-- REQUIREMENT --
Would you print out all of the data exactly and keep the pictures out of it?

-- STORED DATA --

::::

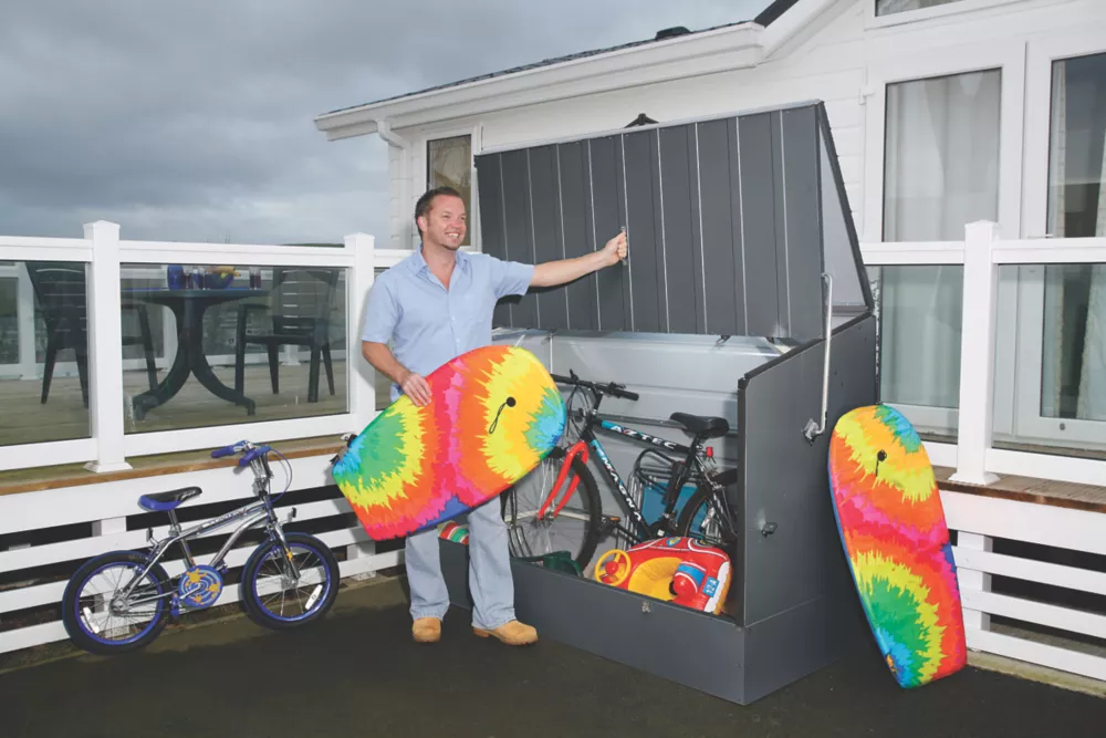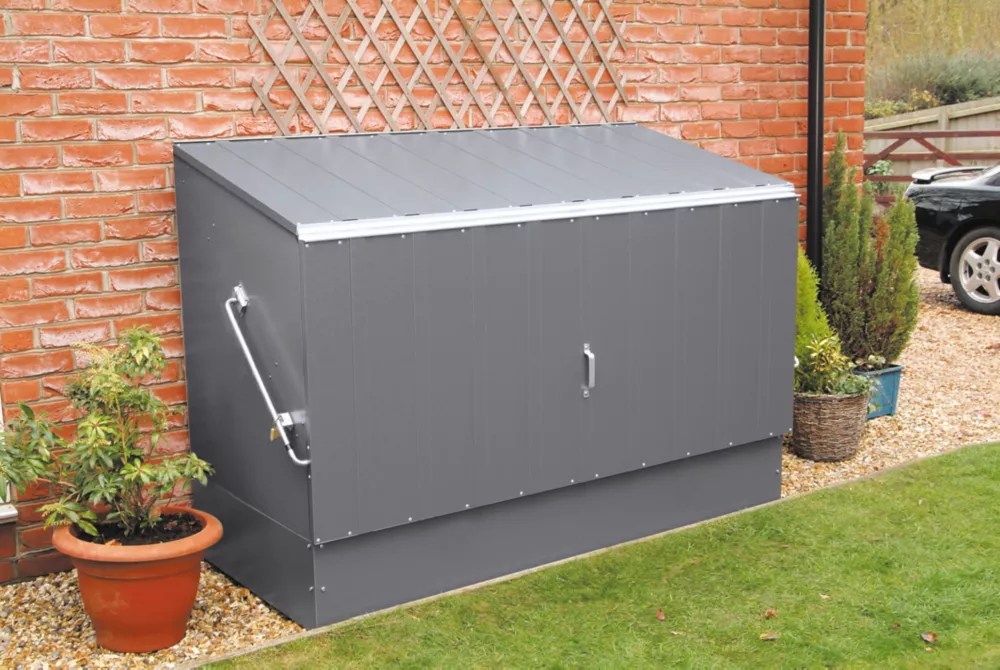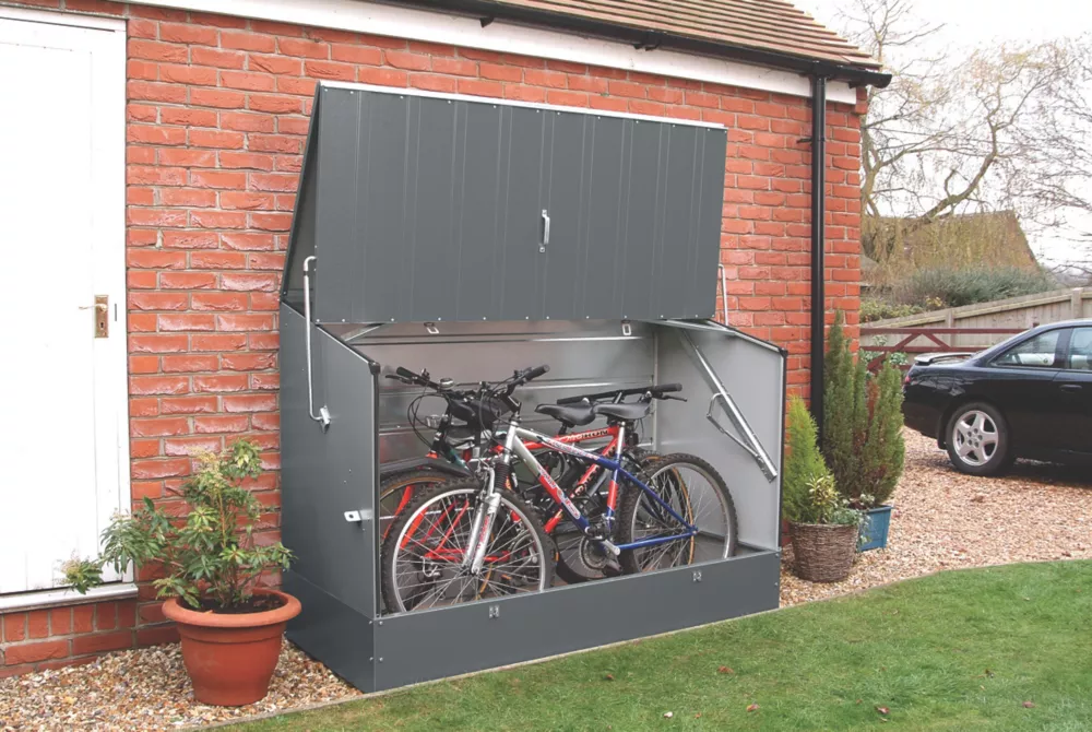 Outdoor bicycle store for the secure, safe and tidy storage of up to 3 adult bikes. Features spring-assisted opening action for complete accessibility and 2 padlock points, protecting bicycles from both weather and thieves. Designed to be bolted down onto a hard (concrete) surface from the inside and manufactured in the UK from PVC-coated galvanised steel, offering fire-resistance and no maintenance required. Suitable for most types of racing, mountain, hybrid or childrens cycles. Supplied with galvanised metal floor.
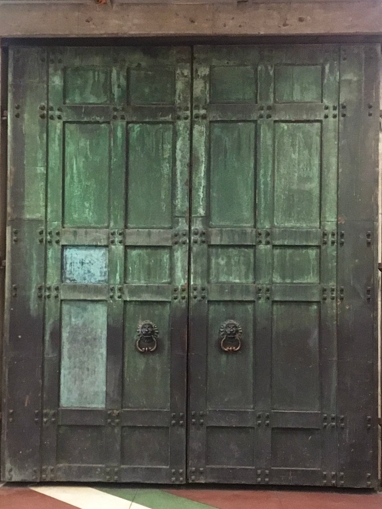 Koppardörrarna är som mycket annat en utsmyckning utan praktisk funktion. De satt en gång i Telegrafstyrelsens hus vid Brunkebergs torg i Stockholm. Huset byggdes 1837 som lyxhotell och revs 1969.
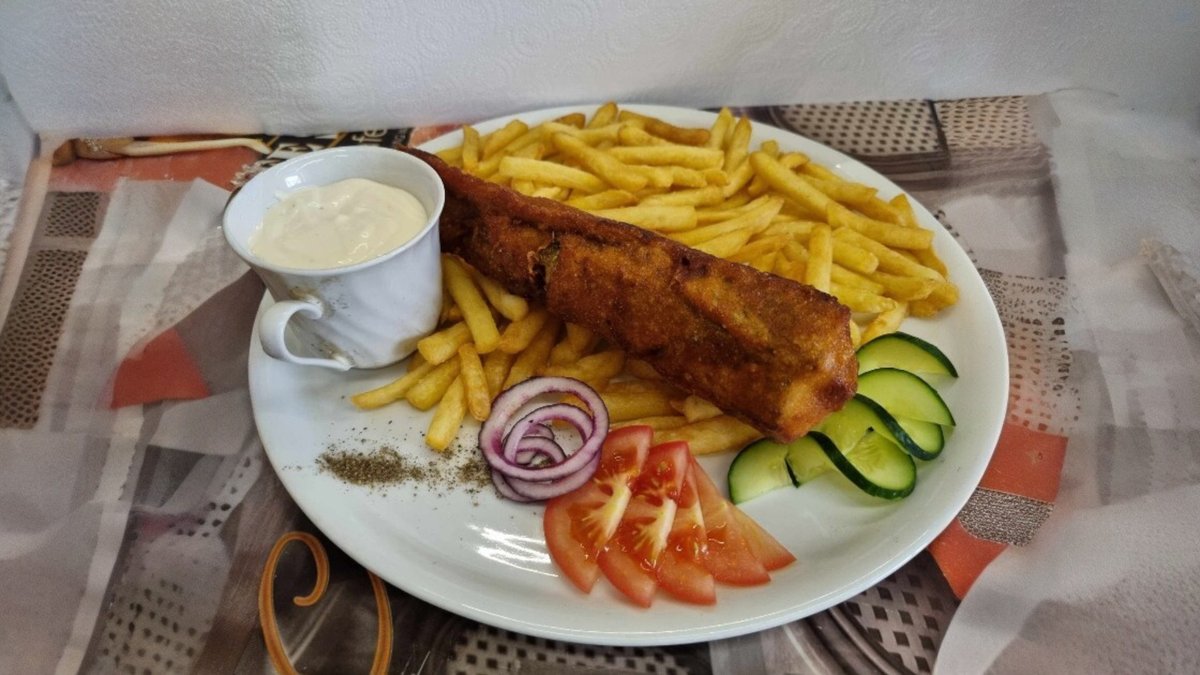 Fish & Chips rántott tőkehalfilé sült burgonyával és pikáns majonézes mártással
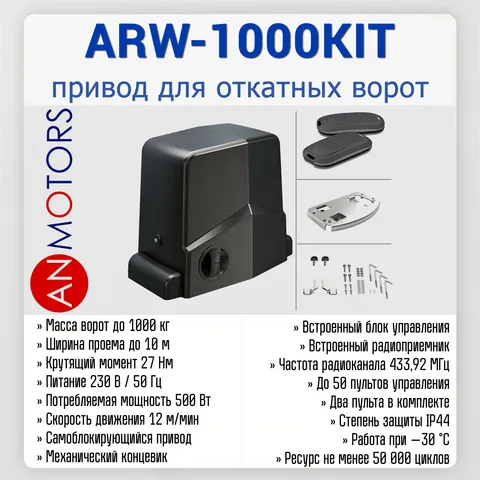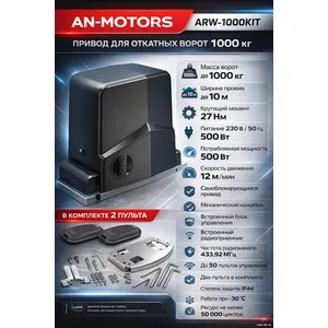 AN-Motors ARW-1000KIT — электропривод для автоматизации откатных ворот массой до 1000 кг и шириной проёма до 10 метров. Комплект предназначен для частных, коммерческих и промышленных объектов. Работает от сети 230 В и оснащён встроенным блоком управления и радиоприёмником.

::::

-- TASK SOLUTION --
 Outdoor bicycle store for the secure, safe and tidy storage of up to 3 adult bikes. Features spring-assisted opening action for complete accessibility and 2 padlock points, protecting bicycles from both weather and thieves. Designed to be bolted down onto a hard (concrete) surface from the inside and manufactured in the UK from PVC-coated galvanised steel, offering fire-resistance and no maintenance required. Suitable for most types of racing, mountain, hybrid or childrens cycles. Supplied with galvanised metal floor.
 Koppardörrarna är som mycket annat en utsmyckning utan praktisk funktion. De satt en gång i Telegrafstyrelsens hus vid Brunkebergs torg i Stockholm. Huset byggdes 1837 som lyxhotell och revs 1969.
 Fish & Chips rántott tőkehalfilé sült burgonyával és pikáns majonézes mártással
 AN-Motors ARW-1000KIT — электропривод для автоматизации откатных ворот массой до 1000 кг и шириной проёма до 10 метров. Комплект предназначен для частных, коммерческих и промышленных объектов. Работает от сети 230 В и оснащён встроенным блоком управления и радиоприёмником.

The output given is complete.